Para colmo, el debate sobre la seguridad económica en Europa ha prescindido de un elemento clave: la seguridad financiera. Me refiero con esto a la existencia de un sistema financiero, bancario y de capitales sólido y resistente ante posibles crisis. ¿Cómo podemos hablar de seguridad económica sin hablar de seguridad financiera?
Sin embargo, la UE no tiene hoy esa seguridad porque los Estados no quieren una mayor integración. Lo irónico, además, es que no ceder competencias tampoco va a garantizar a los Estados ninguna soberanía. Así, por ejemplo, los países europeos altamente endeudados se van a encontrar con que, en caso de crisis financieras como la de 2010, estarán obligados a aceptar duras políticas de ajuste para obtener financiación exterior (es decir, perderán parte de su soberanía económica). Conviene no confundir esta situación con el hecho de no tener soberanía monetaria: aun siendo cierto que los países del euro formalmente no la tienen (es decir, emiten deuda en una moneda sobre la que no tienen control directo), de poco sirve tener moneda propia cuando eres un país pequeño dependiente de la financiación exterior.

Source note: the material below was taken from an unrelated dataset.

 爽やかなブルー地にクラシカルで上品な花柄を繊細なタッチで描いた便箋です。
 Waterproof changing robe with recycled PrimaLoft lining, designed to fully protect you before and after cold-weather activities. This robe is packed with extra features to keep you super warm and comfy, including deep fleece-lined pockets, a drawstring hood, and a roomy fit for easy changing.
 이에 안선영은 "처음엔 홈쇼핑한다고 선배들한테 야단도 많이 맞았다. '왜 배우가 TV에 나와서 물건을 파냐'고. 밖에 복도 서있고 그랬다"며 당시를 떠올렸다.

En todo caso, esa inseguridad no solo afecta a los países endeudados. La UE, en su conjunto, no tiene seguridad financiera porque sigue teniendo un mercado bancario y de capitales fragmentado, con una elevada correlación entre riesgo bancario y soberano, y porque tiene una moneda única pero no tiene instrumentos fiscales supranacionales con funciones estabilizadoras o para financiar bienes públicos europeos.

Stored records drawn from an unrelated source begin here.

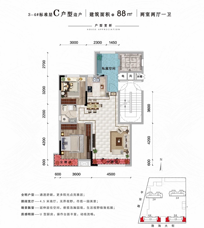 中天御品項目位于營口市渤海大街與平安路交會處,地處西市區(qū)核心位置,營口主城區(qū)的交通要道,地理位置十分優(yōu)越。行政配套遍布項目周邊,商業(yè)配套齊全滿足您日常購物所需。 項目占地面積1.6萬㎡,建筑面積3.7萬 ㎡,整體由4棟17層新中式雅居小高層組成,配有商鋪及車庫/車位,完全人車分流設計。 戶型種類齊全,面積區(qū)間從88平到118平,從兩室兩廳一衛(wèi)到三室兩廳兩衛(wèi)。全部戶型均為南北通透的五明戶型設計。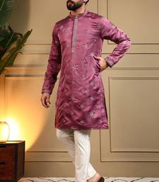 | Product Description | Rich Purple Royal Silk Kurta Adorned With Embroidery And Sequin Work, Complemented By Breathable Cotton Pyjama For Grand Celebrations |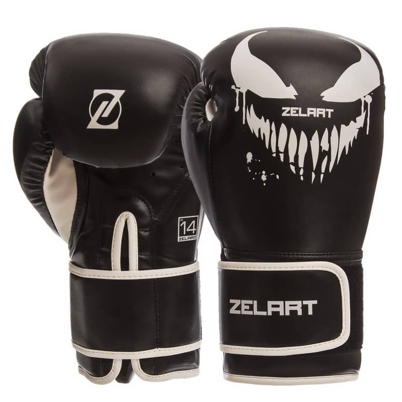 Рукавички боксерські Zelart PU 12 унцій, чорний-білий, код: BO-1370_12_BKW-S52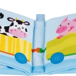 Denne bomulds knitre-bog med pivelyd giver de mindste en blid multisensorisk oplevelse. Den knitrende folie og pivelyden stimulerer hørelse og berøring, mens kontrastfulde og farverige billeder med togmotiv styrker synet og den første forståelse af små fortællinger.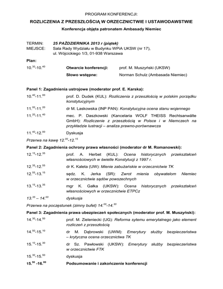 PROGRAM KONFERENCJI: ROZLICZENIA Z PRZESZŁOŚCIĄ W ORZECZNICTWIE I USTAWODAWSTWIE Konferencja objęta patronatem Ambasady Niemiec TERMIN: MIEJSCE: 25 PAŹDZIERNIKA 2013 r (piątek) Sala Rady Wydziału w Budynku WPiA UKSW (nr 17), ul. Wójcickiego 1/3, 01-938 Warszawa Plan: 10.30-10.40 Otwarcie konferencji: prof. M. Muszyński (UKSW) Słowo wstępne: Norman Schulz (Ambasada Niemiec) Panel 1: Zagadnienia ustrojowe (moderator prof. E. Karska): 10.40-11.00 prof. D. Dudek (KUL): Rozliczenia z przeszłością w polskim porządku konstytucyjnym 11.00-11.20 dr M. Laskowska (INP PAN): Konstytucyjna ocena stanu wojennego 11.20-11.40 mec. P. Daszkowski (Kancelaria WOLF THEISS Rechtsanwälte GmbH): Rozliczenie z przeszłością w Polsce i w Niemczech na przykładzie lustracji – analiza prawno-porównawcza 11.40-12.00 Dyskusja Przerwa na kawę 12.00-12.15 Panel 2: Zagadnienia ochrony prawa własności (moderator dr M. Romanowski): 12.15-12.35 prof. A. Herbet (KUL): Ocena historycznych własnościowych w świetle Konstytucji z 1997 r. 12.35-12.55 dr K. Kaleta (UW): Mienie zabużańskie w orzecznictwie TK 12.55-13.15 sędz. K. Jerka (SR): Zwrot mienia w orzecznictwie sądów powszechnych 13.15-13.35 mgr K. Gałka (UKSW): Ocena historycznych własnościowych w orzecznictwie ETPCz 13.35 – 14.00 dyskusja przekształceń obywatelom Niemiec przekształceń Przerwa na poczęstunek (zimny bufet) 14.00-14.30 Panel 3: Zagadnienia prawa ubezpieczeń społecznych (moderator prof. M. Muszyński): 14.30-14.50 prof. M. Zieleniecki (UG): Reforma sytemu emerytalnego jako element rozliczeń z przeszłością 14.50-15.10 dr M. Dąbrowski (UWM): Emerytury – krytyczna ocena orzecznictwa TK służby bezpieczeństwa 15.10-15.30 dr Sz. Pawłowski (UKSW): w orzecznictwie FTK służby bezpieczeństwa 15.30-15.50 dyskusja 15. 50 -16.00 Emerytury Podsumowanie i zakończenie konferencji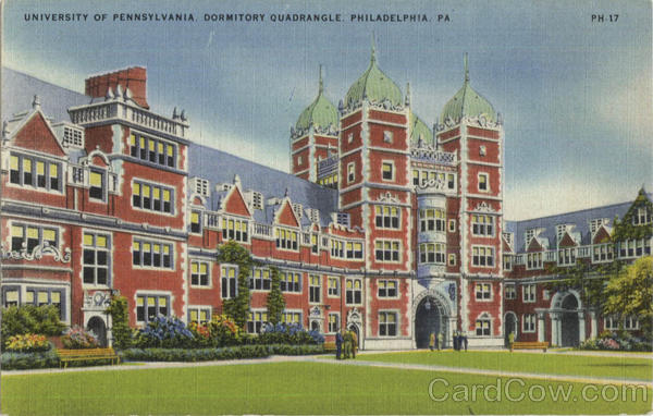 Front: UNIVERSITY OF PENNSYLVANIA. DORMITORY QUADRANGLE, PHILADELPHIA, PA PH 17 Back: 2- 14246 PHILADELPHIA, PA. 9h SOLD BY THE CENTRAL NEWS CO. COLOURPICTURE'. PUBLICATION, CAMBRIDGE, MASS., U. S. A.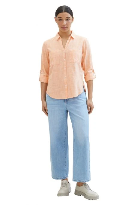 Chemisier Tom Tailor manches longues avec col, chemisier avec ouverture en V et patte de boutonnage, ce chemisier est confectionné avec du coton doux et durable, poches poitrine plaquées, fonction de revers pour attacher les manches.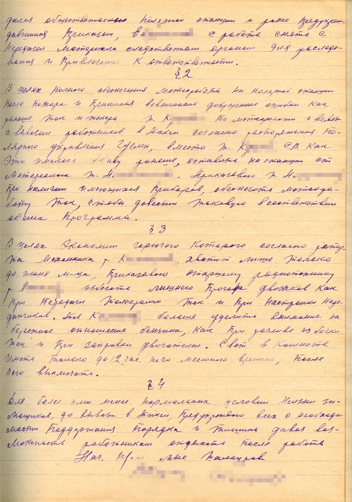 §2. Назначаю тт. К. и А. ответственными за подготовку и сбор необходимого инвентаря и воды на случай пожара, как то: топоры, ведра, бочку с водой и т.п., а в случае возникновения пожара все работники станции обязаны в первую очередь стремиться ликвидировать пожар. Во избежании паники и поддержания порядка в случае пожара руководить буду сам.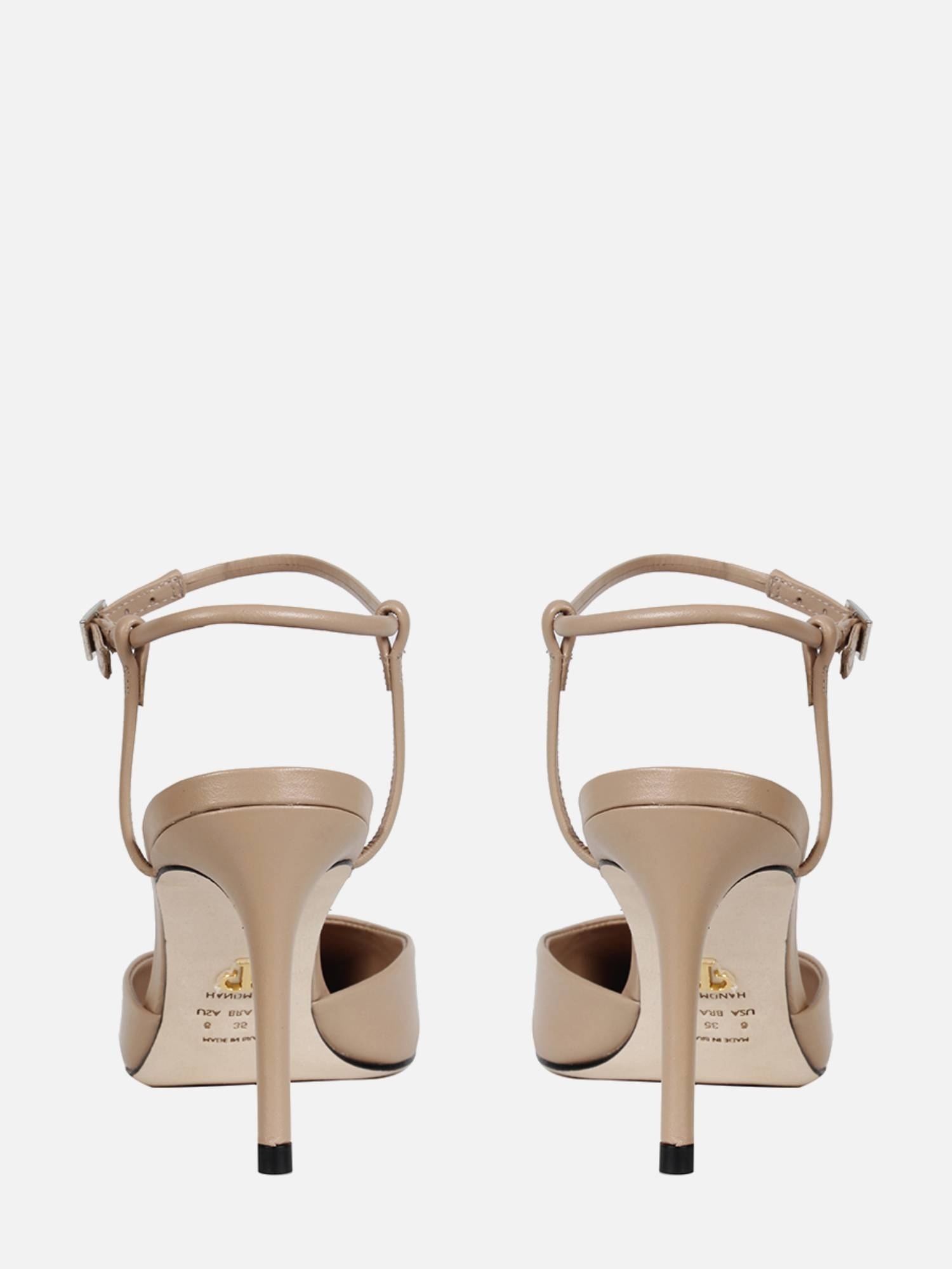 O Scarpin Malu é produzido em couro e apresenta um design sofisticado no estilo ankle strap, com uma tira de ajuste no tornozelo. O modelo possui um bico fino com a aplicação de uma biqueira em metal com banho na cor prata, salto alto fino e solado em couro, garantindo elegância e durabilidade.

Un euro frágil e inestable por la negativa de los Estados miembros de la eurozona a asumir una mayor integración fiscal, financiera y bancaria es una fuente de inseguridad que la UE no se puede permitir en un mundo multipolar.

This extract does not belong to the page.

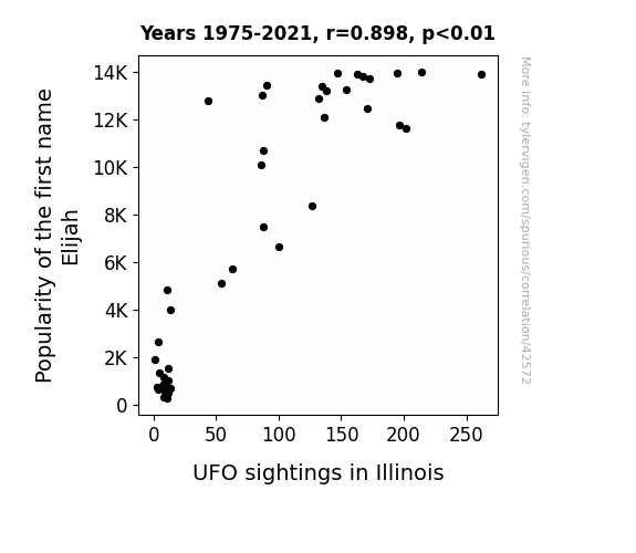 This means 80.7% of the change in the one variable (i.e., UFO sightings in Illinois) is predictable based on the change in the other (i.e., Popularity of the first name Elijah) over the 47 years from 1975 through 2021.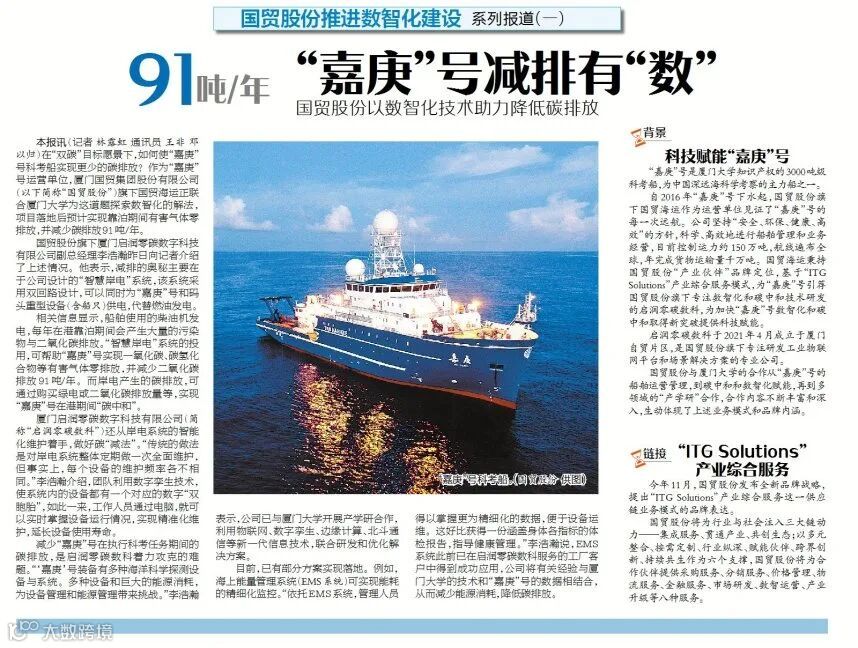 在“双碳”目标愿景下,如何使“嘉庚”号科考船实现更少的碳排放?作为“嘉庚”号运营单位,厦门国贸集团股份有限公司(以下简称“国贸股份”)旗下国贸海运正联合厦门大学为这道题探索数智化的解法,项目落地后预计实现靠泊期间有害气体零排放,并减少碳排放91吨/年。

En este momento la UE se está limitando a discutir la reforma de las reglas fiscales que permitirán volver a aplicar el Pacto de Estabilidad de Crecimiento (en suspenso desde la pandemia). Ya hemos escrito muchas veces sobre la importancia de acometer una senda de ajuste fiscal, pero eso es insuficiente. En caso de que haya una crisis de deuda (algo hoy en día lejos de tener probabilidad nula), no solo los países más endeudados se enfrentarán a problemas de sostenibilidad, sino que la propia UE perderá margen de actuación y se volverá más vulnerable. Un euro frágil e inestable por la negativa de los Estados miembros de la eurozona a asumir una mayor integración fiscal, financiera y bancaria es una fuente de inseguridad que la UE no se puede permitir en un mundo multipolar.
Así pues, si la UE quiere tener una verdadera seguridad económica, más le valdría retomar, junto con la reforma de las reglas fiscales, una estrategia simultánea de integración fiscal que le permita garantizar la estabilidad de su sistema monetario, bancario, de capitales y de deuda. Sin seguridad financiera europea, cualquier estrategia de seguridad económica europea no dejará de ser un concepto hueco.